As described above, we have previously introduced the concept of remote loading in aqueous solution13,38 by encapsulating large molecules including leuprolide and large proteins in porous aliphatic ester end-capped PLGAs, where pores are closed spontaneously by passive healing of the polymer with elevated temperature. This technique, devised to avoid micronization of proteins and their contact with organic solvent, currently requires a “trapping agent” to be placed inside the polymer pores to bind the entering drug to avoid low encapsulation efficiency13. The acid-capped polymer used here, owing to its more hydrophilic end groups, does not heal particularly well in comparison with ester-end-capped PLGAs13,39 and does not need a trapping agent as the carboxylic acid group binding initiates peptide entry into the polymer phase. As with self-healing encapsulation, remote loading by absorption requires that the loading temperature is held above the hydrated glass transition temperature (Tg) of the polymer. For example, dry and hydrated Tg of PLGA 75/25 microspheres used for loading peptides is 46.3 ± 0.1 °C and 30.3 ± 0.4 °C, before loading, respectively, allowing for adequate mobility of the PLGA-COOH solid solution at 37 °C for peptide entry14. This unique absorption and continuous release characteristic of low molecular weight PLGA-COOHs such as used in the Lupron Depot40,41 makes the current remote-loading method much simpler and readily scalable for use with small peptides. For large proteins where polymer-peptide interactions are not desired, the self-healing approach is warranted. It is noteworthy that remote loading is expected to be compatible with newer approaches toward producing PLGA microspheres that precisely control the size distribution13,42.

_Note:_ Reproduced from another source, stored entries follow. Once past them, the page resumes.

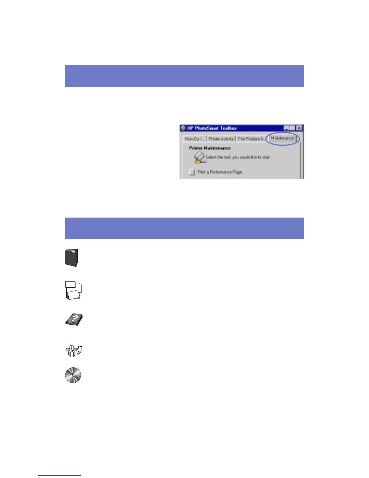 Toolbox - The HP PhotoSmart photo printer’s Toolbox provides printer status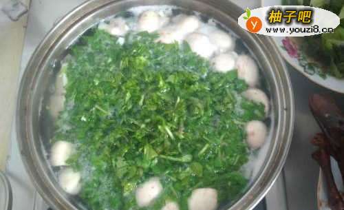 5加入荠菜,不加盖煮开,如图: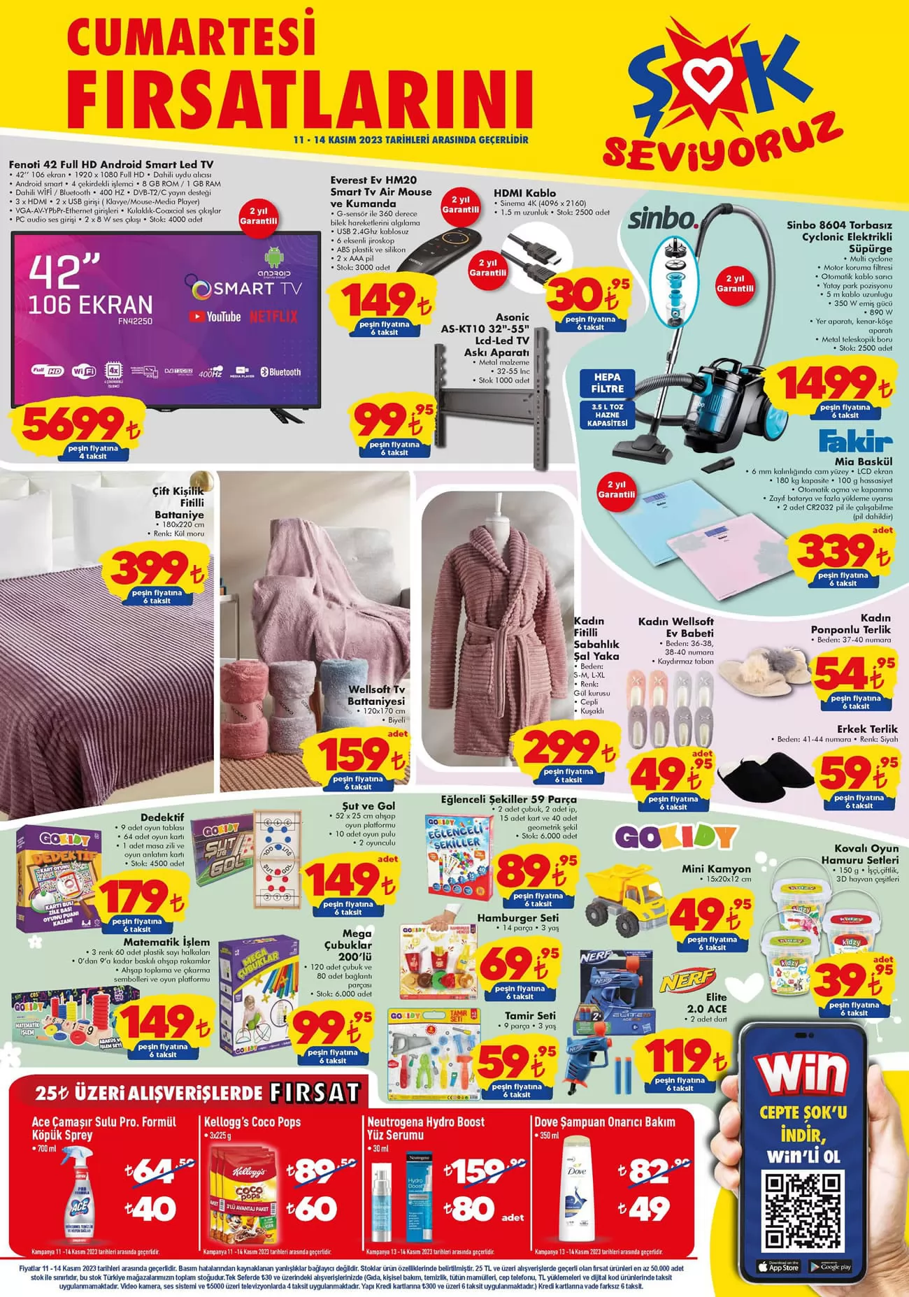 ŞOK Market 11-14 Kasım tarihleri arasında geçerli olacak indirimli aktüel ürünler kataloğunu yayımladı. Her hafta ŞOK tarafından paylaşılan aktüel ürünler kataloğunda bebek beşiği, elektrikli süpürge, Fenoti 42" Full HD Android Smart Led Tv, Fakir Mia Baskül, HDMI Kablo gibi ürünler yer aldı. Öte yandan ŞOK'ta 25 TL üstü alışverişlerde 700 ml Ace Çamaşır Sulu Pro Formül Köpük Sprey 40 liraya, 3x225 gram Kellog's Coco Pops 60 liraya, 30 ml Neutrogena Hydro Boost Yüz Serumu 80 liraya ve 350 ml Dove Onarıcı Bakım Şampuan 49 liraya indirimli fiyatla satışa çıkarılacak.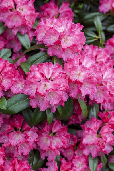 Rhododendron Hybr. 'Germania', Rhododendron, rosa Blüten, 30–40 cm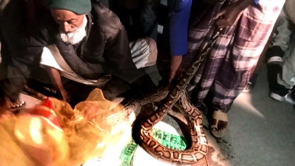 শরণ খোলায় মৎস ঘের থেকে ১২ ফুট লম্বা অজগর উদ্ধার সুন্দরবনে অবমুক্ত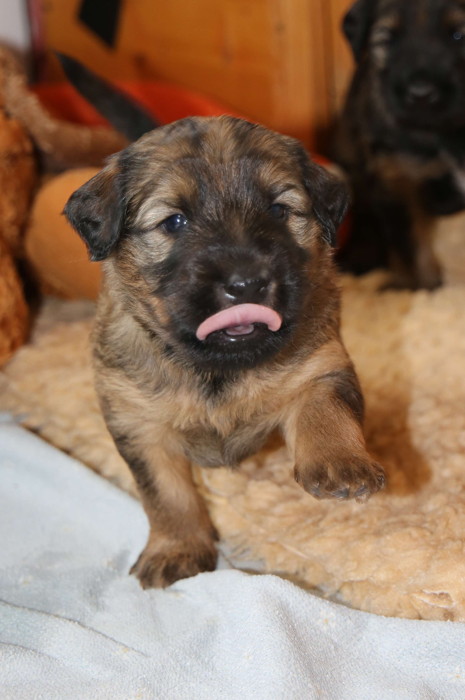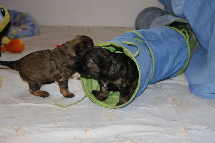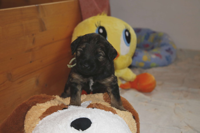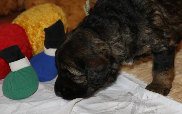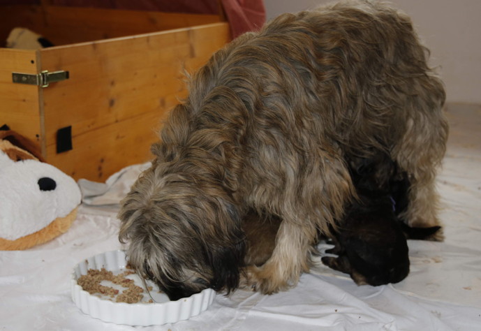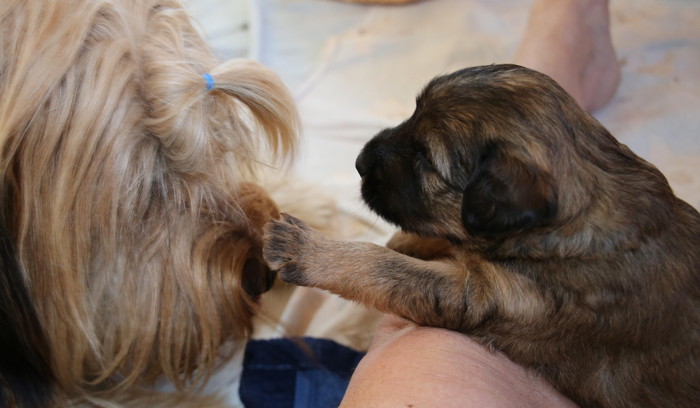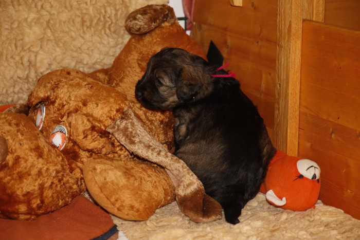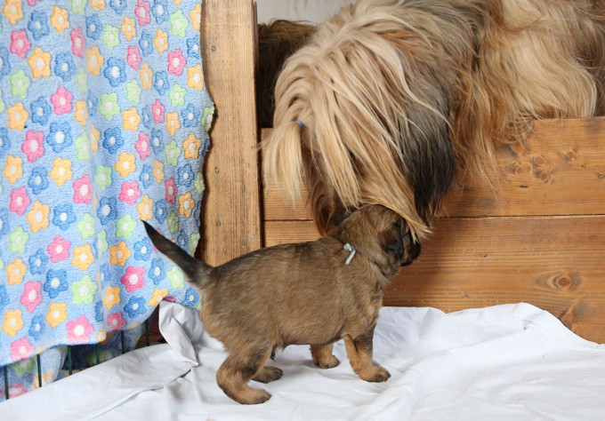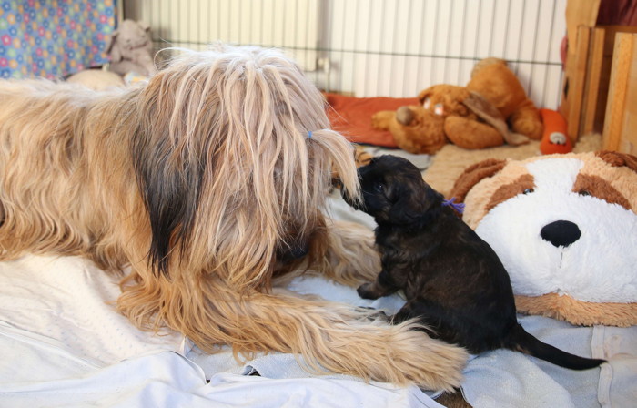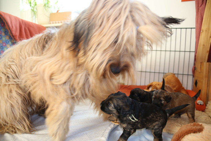 Endlich dürfen auch unsere anderen ein wenig im Wohnzimmer verweilen, obwohl Trolli sehr darauf achtet, dass niemand von den Vierbeinern sich dem Welpen zu arg nähert. Nur unsere Jüngste Umay darf die Nase ins Gehege stecken. Yumi war auch außer sich vor Glück, als sie in Abwesenheit von Troll zu 'ihren' Welpen durfte. Ganz vorsichtig lag sie zwischen den Hexenkindern und ließ alle auf sich herumturnen.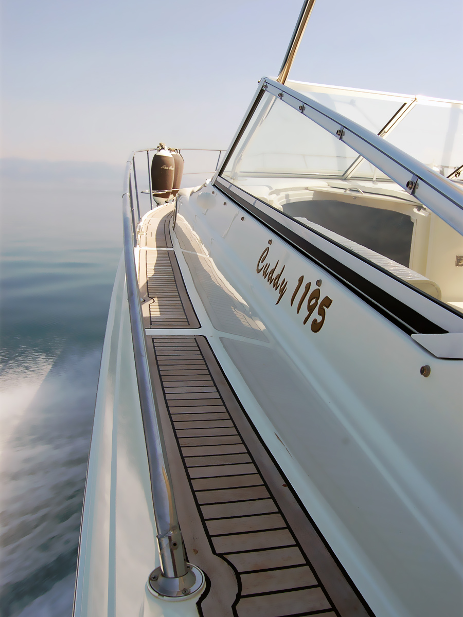 Evinizdeki konforu, denizde de yaşayacaksınız. Cuddy serisinin en büyüğü 11.95 Cuddy, birbirinden ferah iki kamarası ve kullanışlı havuz dizaynı ile kalabalık aileler için ideal bir motoryat. Konfor, güven ve performans. Suyun üzerindeki konforunuzu en keyifli şekilde yaşamanızı ilke edinerektasarlanan 11.95 Cuddy, 8 kişilik havuz masası ve standart olarak sunulan elektrikli barbeküsü ile açıkhava ziyafetlerinize ev sahipliği yapacak.53 millik maksimum sürati ise, kelimelerle tarif etmek imkansız.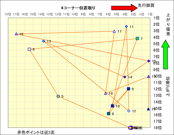 近走における4コーナーでの位置取りと上がり順位(頭数補正後) |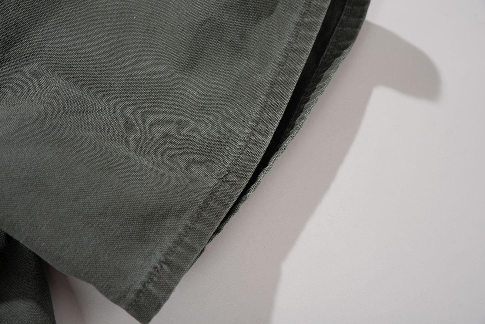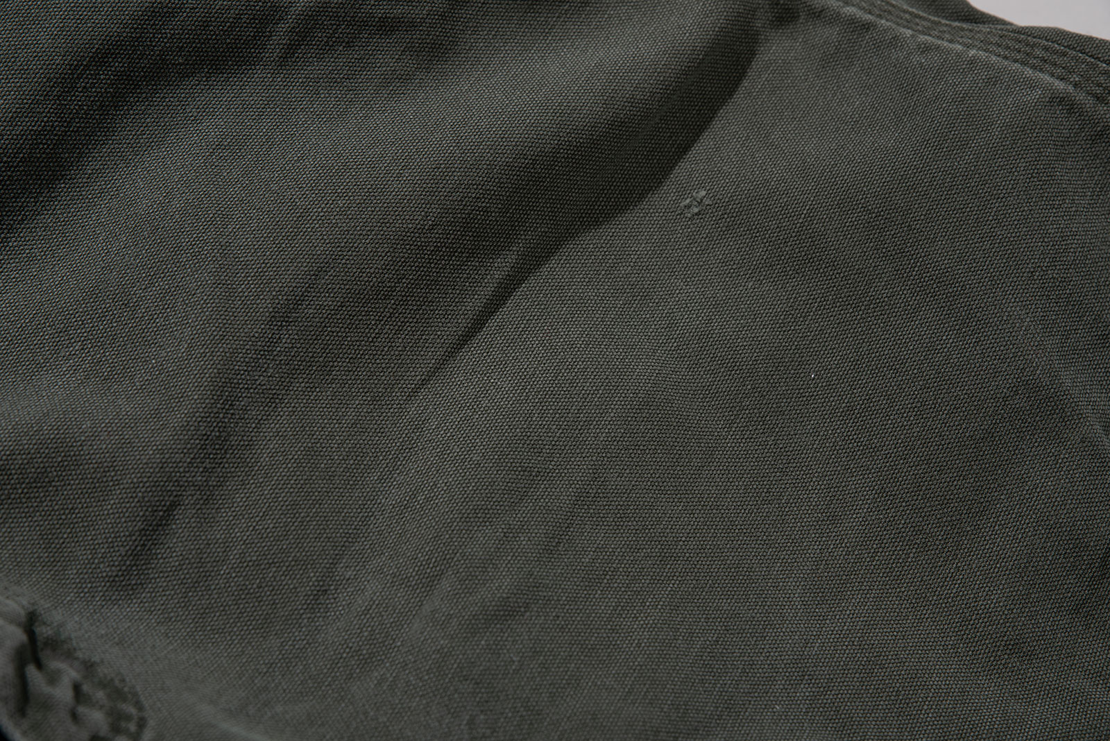 - 80 년대 생산 된 데드스톡 컨디션의 덕 캔버스 쇼츠입니다. 현행으로는 전무한, 90-00년대 올드 제품으로도 본 적없는 독특한 디자인이 특징입니다. 백포켓이 정면 주머니처럼 생긴 것이 가장 큰 포인트라 할 수 있겠네요.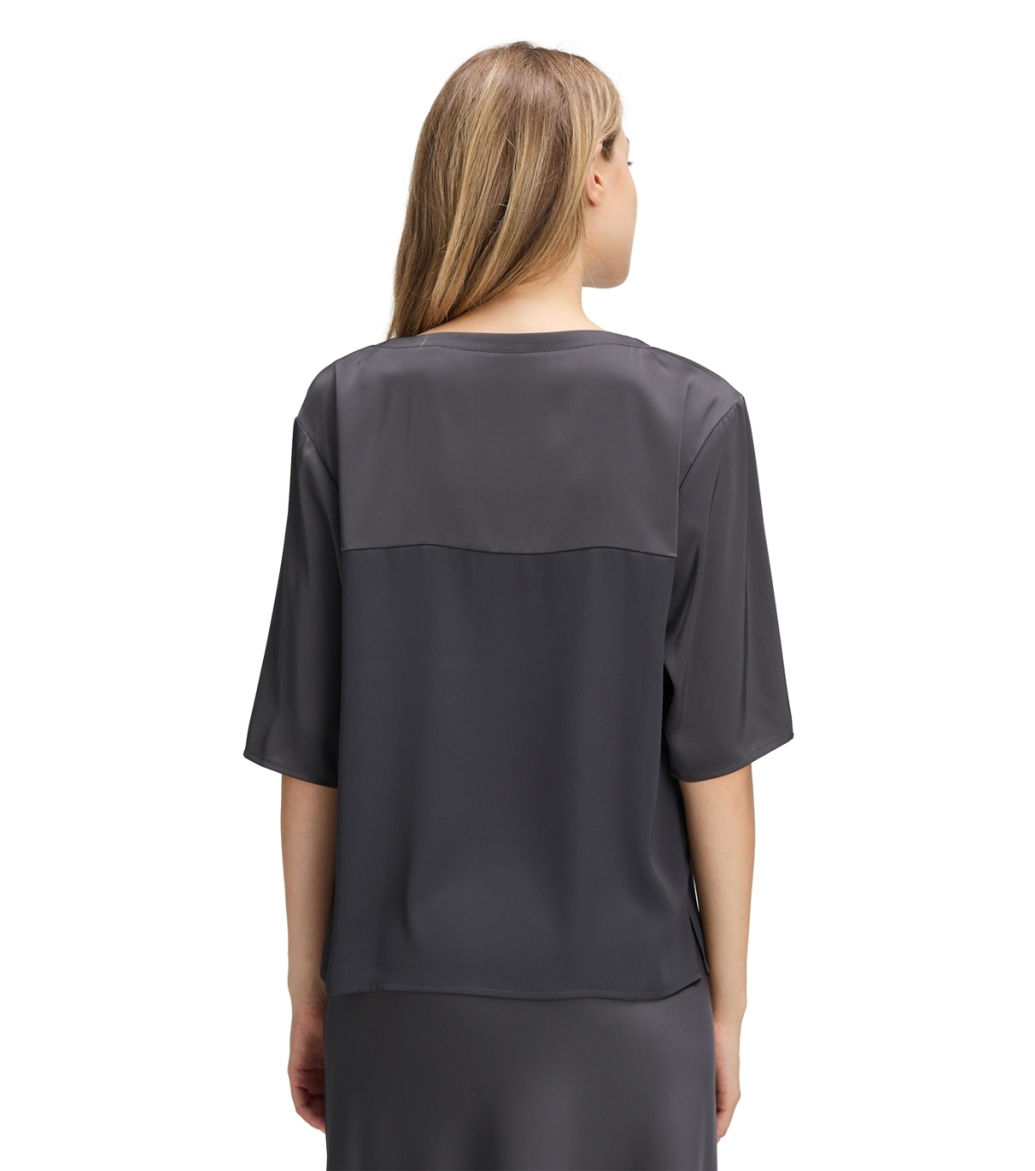 Betty Barclay Bluse Kurz 1/2 Arm 9095 Magnet. Dit rechtvallende model is voorzien van een ronde hals en heeft korte mouwen. Deze grijze blouse van Betty Barclay is aan de bovenzijde bewerkt met een glans.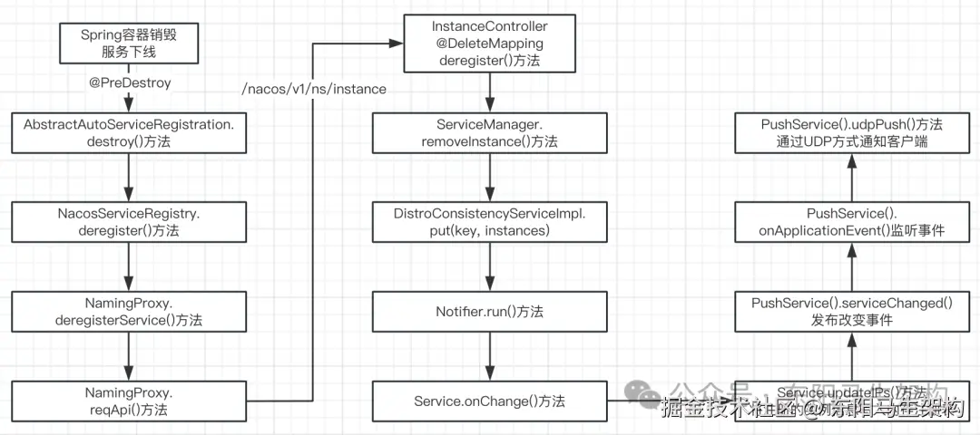 在关闭Spring容器时,会触发Nacos客户端销毁的方法,然后调用Nacos服务端的服务下线接口,从而完成服务下线流程。
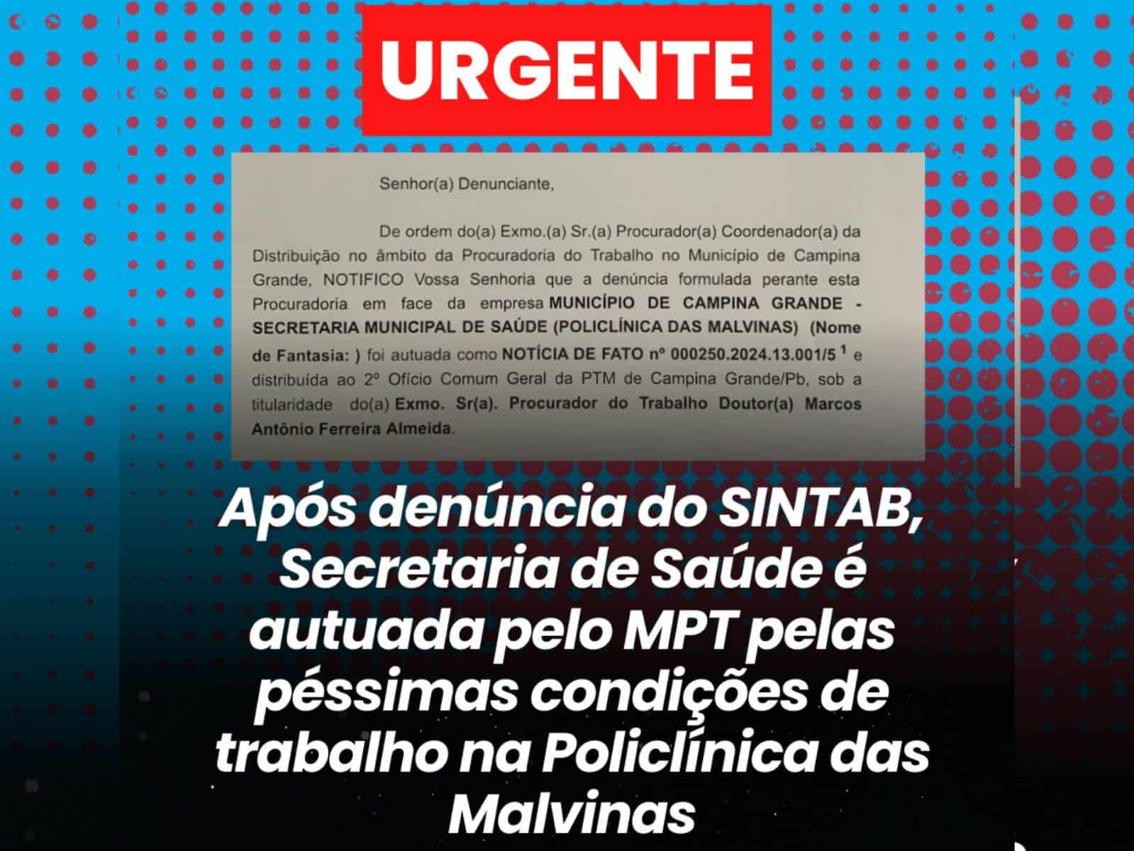 O Departamento Jurídico do SINTAB explicou que essa autuação é uma notícia de fato, ou seja, significa que a denúncia interposta pelo sindicato será devidamente apurada. As próximas etapas dessa ação judicial é o MPT chamar a Secretaria de Saúde para tentar corrigir o problema no local de trabalho e, caso não seja solucionado, o MPT pode abrir um TAC (Termo de Ajustamento de Conduta). Mais informações a respeito da tramitação da denúncia, pode ser obtida aqui: https://www.prt13.mpt.mp.br/servicos/movimentacao-de-procedimentos, do número 000250.2024.13.001-5.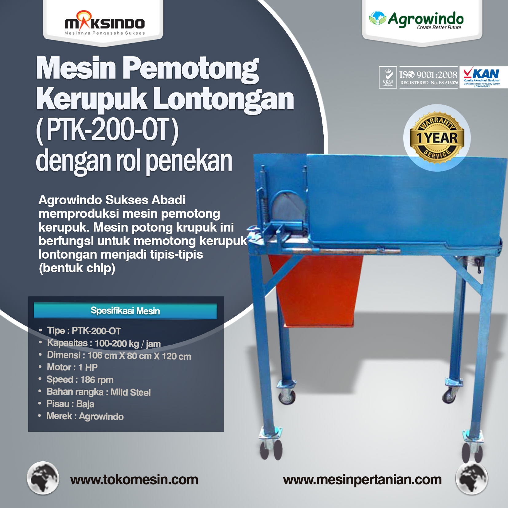 Agrowindo Sukses Abadi memproduksi mesin pemotong kerupuk. Mesin potong krupuk ini berfungsi untuk memotong kerupuk lontongan menjadi tipis-tipis (bentuk chip)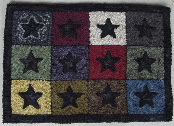 Hit and Miss Folk Art Stars rug measures 17" x 24". It is hand hooked on Scottish Burlap using 1/4" wool strips. The burlap foundation has serged edges which are turned under and covered with a wide cotton binding tape hand stitched. The wool used is a combination of as is and hand dyed wool. Great for the wall, table top, on top of a chest or on the floor ~ Yours for $225 + shipping. |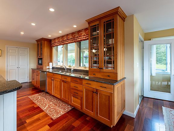Beautiful and well maintained 3 + bedroom home with big wrap around deck to enjoy the view to Vermont. Over sized attached garage opens to the mudroom, many closets, and laundry. A more formal entry opens from the covered deck. The kitchen has plenty of cabinets, a big granite topped island and a door to the deck for easy access to your outdoor grill. The living / dining is warm and welcoming. Off the living room, there are two offices, which have the possibility of being a ground floor bedroom with 3/4 bath. Upstairs are three bedrooms, including a very large primary that has 2 walk-in closets plus an ensuite bath. The walk out basement is partially finished with all kinds of possibilities for overflow guest space, family or exercise room or craft room. A lovely back yard for more gardens or play space on 4.44 acres.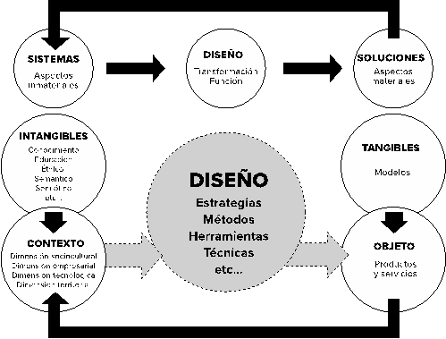 En tal sentido, Hernandis (2016: 34) considera que para una mejor “gestión de lo intangible para optimizar el diseño de lo tangible, es decir, de los productos y servicios demandados por la sociedad” es crucial tener en cuenta un conocimiento existente sobre la noción sistema, que produce inevitablemente otros enfoques inherentes al proceso de diseño, surgiendo así, diversas estrategias y soluciones palpables. En otras palabras, el diseño complejo sugiere potenciar los intangibles como la gestión del conocimiento, considerando las dimensiones del contexto, lo cual genera nuevos planteamientos implícitos, nuevas formas de aproximación y simulación de sistemas, así como la aplicación de estrategias encaminadas a optimizar el diseño de lo tangible, a través de la modelización de soluciones materiales sostenibles, esto como una vía para abordar la complejidad creciente mediante la intervención y función transformadora del diseño (figura 6).

While the mechanism of absorption of peptides in PLGA-COOH is not fully understood, the available data strongly suggests that the cationic peptide forms a salt with surface carboxylate anions before moving into the highly swollen and mobile polymer phase as a peptide-PLGA ion pair. We previously verified the deep entry of peptides in the polymer phase by multiple orthogonal techniques, including stimulated Raman scattering and laser confocal fluorescence imagining, and serial microtome sectioning of thin PLGA films9. The peptide absorption was strongly inhibited or did not occur when the temperature was reduced to inhibit the mobility of the polymer, the pH of the solution was reduced to decrease the ionization of the PLGA carboxylic acid end groups, or by end-capping the PLGA that also removes polymer chain ionization9. The isothermal calorimetry binding of peptide and PLGA in DMSO (Table 1, Fig. 4 and Supplementary Fig. 5) also distinguished between peptides that were successfully remote loaded in the polymer and those that were not (Supplementary Table 2). The binding by this technique was found to be either enthalpically favored for amine-containing peptides and entropically favored for those peptides with positive charges resulting from arginine residues (Table 1).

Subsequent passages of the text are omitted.